By MARK RAO / Pic By TMR File
MALAYSIAN tax authorities will be challenged in bringing foreign digital companies under the income tax regime due to present clauses in the law and will instead rely on the Goods and Services Tax (GST) to widen the tax net.
The Royal Malaysian Customs Department and Inland Revenue Board (IRB) announced earlier this month that they are looking to amend the present tax laws to make digital companies operating from overseas liable to taxation in Malaysia.
The initiative could result in the country gaining billions in revenue from these foreign digital players alone.
From an IRB perspective, the tax authority will need to look at amending the law, which states that only companies with a permanent establishment (PE) in Malaysia are liable to income tax.
Axcelasia Inc executive chairman Dr Veerinderjeet Singh (picture) said the concept of PE has long been ingrained in the income tax collection scheme.
“The issue for the authorities is how to go about bringing foreign-based service providers who do not have PE under the tax system.
“It is a question of how to widen the tax net and the answer is to typically use GST,” Veerinderjeet told The Malaysian Reserve (TMR).
He said the GST Act 2014 allows for the taxation on consumption of a product or service irrespective of whether the company providing the said product or service has a PE.
While e-hailing service provider Grab operates from private limited companies set up in each of its respective country of operation, competitor Uber Technologies Inc mainly runs it business from its US headquarters.

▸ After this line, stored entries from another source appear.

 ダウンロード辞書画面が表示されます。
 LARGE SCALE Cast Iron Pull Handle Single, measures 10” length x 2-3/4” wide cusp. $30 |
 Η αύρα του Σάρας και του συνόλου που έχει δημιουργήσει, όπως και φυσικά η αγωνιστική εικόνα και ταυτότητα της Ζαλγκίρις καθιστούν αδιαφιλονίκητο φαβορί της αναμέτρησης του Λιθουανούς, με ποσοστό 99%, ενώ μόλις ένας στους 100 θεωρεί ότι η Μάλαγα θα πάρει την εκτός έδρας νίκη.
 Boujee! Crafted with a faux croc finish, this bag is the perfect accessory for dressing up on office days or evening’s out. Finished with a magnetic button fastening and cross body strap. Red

Companies like Uber that provide a service or product in Malaysia without a PE may be liable to further taxes if changes to the GST Act are finalised, implicating digital players such as Facebook Inc, Google Inc and Airbnb.

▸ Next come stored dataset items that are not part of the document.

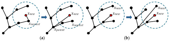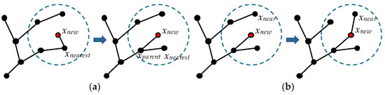 In the ChooseParent procedure, RRT* searches for a vertex in a hypersphere of a specific radius centered at xnew such that the path through this vertex to xnew has the lowest cost. It is then used as the parent vertex of xnew, as shown in Figure 1a. In the Rewire procedure, the vertices in the hypersphere are represented by xnear in turn. Compare the cost of the current path to xnear with the cost of the path through xnew to xnear until every vertex in the hypersphere has been compared. During each comparison, if the path through xnew is less costly, change its wiring, as shown in Figure 1b. Algorithm 2 shows the ChooseParent procedure, and Algorithm 3 shows the Rewire procedure.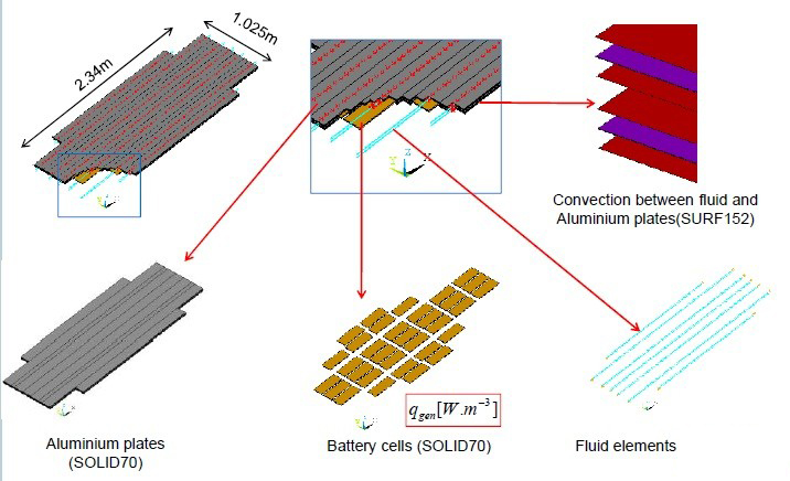 左邊的兩個模型是一維的模型,和流體模型。為此該公司做了一個很大的鋁板,然后在上頭貼了99塊聚合物電池: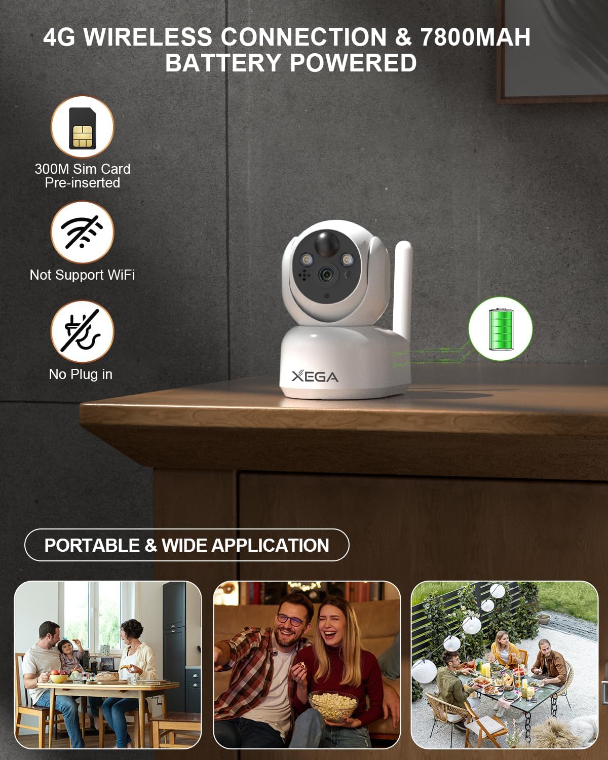 Xega 4G LTE Surveillance Camera Indoor Battery with SIM Card, 2K PTZ 355°/100° Swivel, Without WLAN Camera with 7800 mAh Battery, Colour Night Vision, AI PIR Identification, TF & Cloud Memory, Two-Way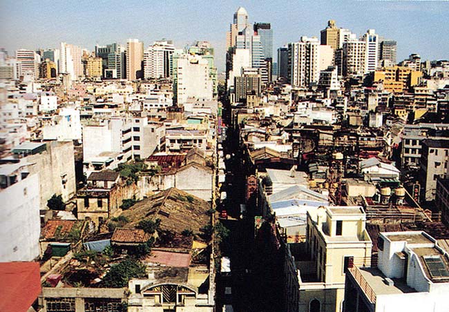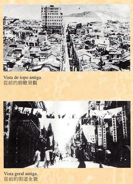 Na revista da edição 15 Anos do Instituto Cultural de Macau (1982 – 1997) “Na Afirmação de Uma Identidade”, como uma prestação de contas do que foi feito em Macau, foi publicada esta interessante foto (provavelmente 1993 ou 1997), que particularmente não tinha visto, tirada do alto (topo) da Av. Almeida Ribeiro. Na época, de 1989 a 1993, vários prédios passaram por um processo de restauração que custou MOP 3.744.720,00 com o apoio da Fundação Oriente:

“At the end of the day, the GST Act will only need to add a provision in the law to require foreign companies to register under the tax regime.
“The authorities will have to work out a mechanism to allow for the taxation of these companies and secure approval from Parliament,” Veerinderjeet said.
The Customs Department is aiming to push the changes through the upcoming parliamentary sitting next month, and has set a target of RM42 billion in GST collections this year.
Meanwhile, the IRB is aiming to secure a 12% year-on-year increase in tax revenue to RM127.7 billion for 2017.
TMR reported last week that the tax agency under the Ministry of Finance is pushing the Organisation for Economic Cooperation and Development (OECD) to draw up a framework, which allows for the taxation of digital- based companies by next year instead of the slated 2020 deadline.
“The OECD is trying to forge an agreement. Once all countries become signatories of the arrangement, then all governments can push ahead with their respective tax initiatives, including Malaysia,” Sunway University Business School economics Professor Dr Yeah Kim Leng was quoted as saying in the report.
Veerinderjeet said OECD is now in the stage of collecting input from various countries and will come up with a report after this process.
He added that any change to the GST Act or income tax will result in a “prospective” rather than “retrospective” tax collection system, thus avoiding any backdating practices. Malaysian consumers are also concerned about facing double taxation as products retailed on e-commerce platforms are already GST-inclusive, according to a report in Bernama.
However, the news agency reported that the prospective changes to the GST Act will only affect foreign-based service providers with no establishment or place of business in Malaysia.
“There is a mechanism under our current GST model that allows for tax to be collected for online services provided by local companies to Malaysian consumers.
“If the services were provided by foreign service providers, they do not have to pay the GST,” Deloitte Malaysia indirect tax partner Senthuran Elalingam was quoted as saying in the report.